ISBN: 978-1-59726-853-0
CHAPTER 1
Critical Roles for the Matrix
The days are over when the forest may be viewed only as trees and the trees viewed only as timber. —U.S. SENATOR HUBERT HUMPHREY (IN PATTON 1992)
The conservation of biodiversity is one of the fundamental guiding principles for ecologically sustainable forest management. Many existing conservation programs are limited to a primary or exclusive focus on lands contained in reserves for biodiversity conservation. Yet, most forest will be in off-reserve, or matrix, lands in the vast majority of forest regions and forest types. Comprehensive strategies for the conservation of forest biodiversity must include both reserves and matrix-based strategies. The importance of the matrix for the conservation of biodiversity in forests reflects its dominance in both temperate and tropical regions—most forest landscapes have been, or will be, actively used and managed. Therefore, many forest-dependent species will occur primarily in matrix !ands—or not at all.
How the matrix is managed will influence the size and viability of populations of many forest taxa and thus biodiversity per se. Matrix conditions also greatly influence connectivity between reserves and the movement of organisms. In addition, by acting as buffers, matrix conditions strongly control reserve effectiveness. The matrix must sustain functionally viable populations of organisms that are fundamental to the maintenance of essential ecosystem processes such as nutrient cycling, seed dispersal, and plant pollination—processes that underpin the long-term productivity of ecosystems and their ability to produce goods and services for human use.
The conservation of biodiversity has become a major concern for resource managers and conservationists worldwide, and it is one of the foundation principles of ecologically sustainable forestry (Carey and Curtis 1996; Hunter 1999). This represents a major challenge for forest management because forests support approximately 65 percent of the world's terrestrial taxa (World Commission on Forests and Sustainable Development 1999). They are the most species-rich environments on the planet, not only for vertebrates, such as birds (Gill 1995), but also for invertebrates (Erwin 1982; Majer et al. 1994) and microbes (Torsvik et al. 1990).
Setting aside networks of dedicated reserves has been the traditional approach advocated by many conservation biologists to conserve the extraordinary biodiversity that characterizes forest ecosystems. Many books and vast numbers of scientific articles have been written on reserve design and selection (Shafer 1990; Noss and Cooperrider 1994; Margules et al. 1995; Anonymous 1996; Pigram and Sundell 1997). In this book, we argue that the conservation of a significant proportion of the world's forest biodiversity will require a far more comprehensive and multiscaled approach than simply partitioning forest lands into reserves and production areas, which we term the matrix. This book attempts to lay the foundations for such a comprehensive strategy. Although large ecological reserves are discussed (see Chapter 5), most of this book addresses management of the matrix.

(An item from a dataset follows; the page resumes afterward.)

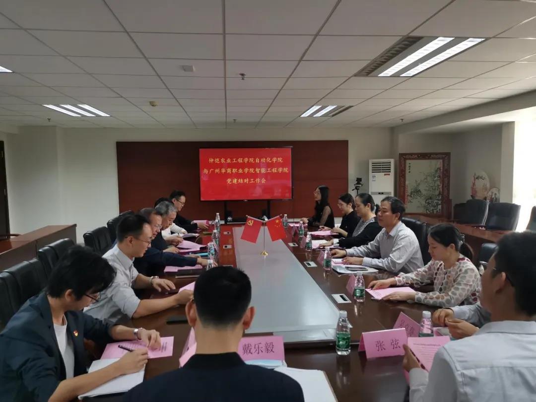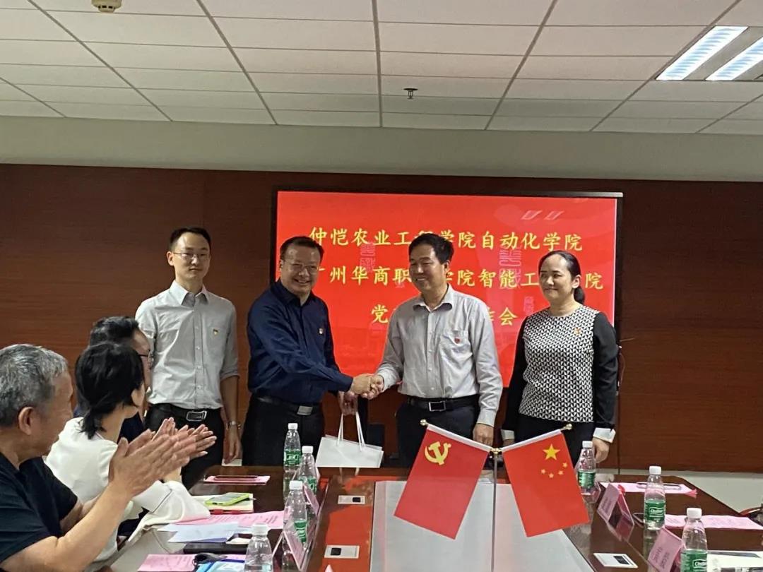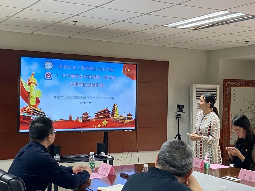 2021年10月27日下午,仲恺农业工程学院自动化学院党委书记刘新周一行七人到我院参加党建结对工作会。参加本次会议的有:仲恺农业工程学院自动化学院党委书记刘新周、党委副书记黄毅以及学院党务工作者,广州华商职业学院党委书记翁礼成教授、广州华商职业学院智能工程学院院长黄河、党总支副书记何标以及学院党务工作者,本次会议由何标副书记主持。

Most temperate and subtropical forest landscapes are composed primarily (or even exclusively) of off-reserve forests, or matrix lands. It has been estimated that between 90 and 95 percent of the world's forests have no formal protection (Sugal 1997). This is particularly true in temperate regions where the most productive (and species-diverse) forested lands have already been extensively modified by humans (Franklin 1988; Virkkala et al. 1994). Therefore, forests outside reserves are extremely important for the conservation of biodiversity—how they are managed will ultimately determine the fate of much biodiversity.
Our primary objective in this book is to illustrate the importance of the matrix for biodiversity conservation and to propose strategies for enhanced matrix management that can be the basis for a comprehensive approach to maintaining forest biodiversity. We begin in this first chapter by providing our definitions of biodiversity and the matrix. We then illustrate the importance of the matrix for conserving forest biodiversity.
Defining Biodiversity and Ecologically Sustainable Forest Management
There are many definitions of biodiversity. Ours is relatively simple:
Biodiversity encompasses genes, individuals, demes, metapopulations, populations, species, communities, ecosystems, and the interactions between these entities.
There are also many interpretations of ecologically sustainable forest management (Amaranthus 1997). Ours follows Lindenmayer and Recher (1998):
Ecologically sustainable forest management perpetuates ecosystem integrity while continuing to provide wood and non-wood values; where ecosystem integrity means the maintenance of forest structure, species composition, and the rate of ecological processes and functions with the bounds of normal disturbance regimes.
Two other terms widely used in this book are stands and landscapes. We define a stand as "a patch of forest distinct in composition or structure or both from adjacent areas."
This definition is often inadequate, such as when modified cutting practices like retention at the time of harvest are employed (see Chapter 8); this means that stands can actually be composed of structural mosaics (Franklin et al. 2002). However, the simple definition is widely used and understood (see Helms 1998) and, except where noted, we use it in this book.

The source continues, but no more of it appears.